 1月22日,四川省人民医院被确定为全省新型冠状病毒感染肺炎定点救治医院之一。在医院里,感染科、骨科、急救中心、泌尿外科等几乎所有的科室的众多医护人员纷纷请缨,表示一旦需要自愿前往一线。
........
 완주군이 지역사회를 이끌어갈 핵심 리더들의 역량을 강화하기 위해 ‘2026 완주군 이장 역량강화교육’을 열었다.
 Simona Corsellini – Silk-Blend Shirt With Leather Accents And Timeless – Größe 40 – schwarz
........
Using the entries above, repeat only the lines from the one containing "완주군이 지역사회를 이끌어갈" through the one containing "Simona Corsellini –", end lines included.

■ Result of the exercise ■
 완주군이 지역사회를 이끌어갈 핵심 리더들의 역량을 강화하기 위해 ‘2026 완주군 이장 역량강화교육’을 열었다.
 Simona Corsellini – Silk-Blend Shirt With Leather Accents And Timeless – Größe 40 – schwarz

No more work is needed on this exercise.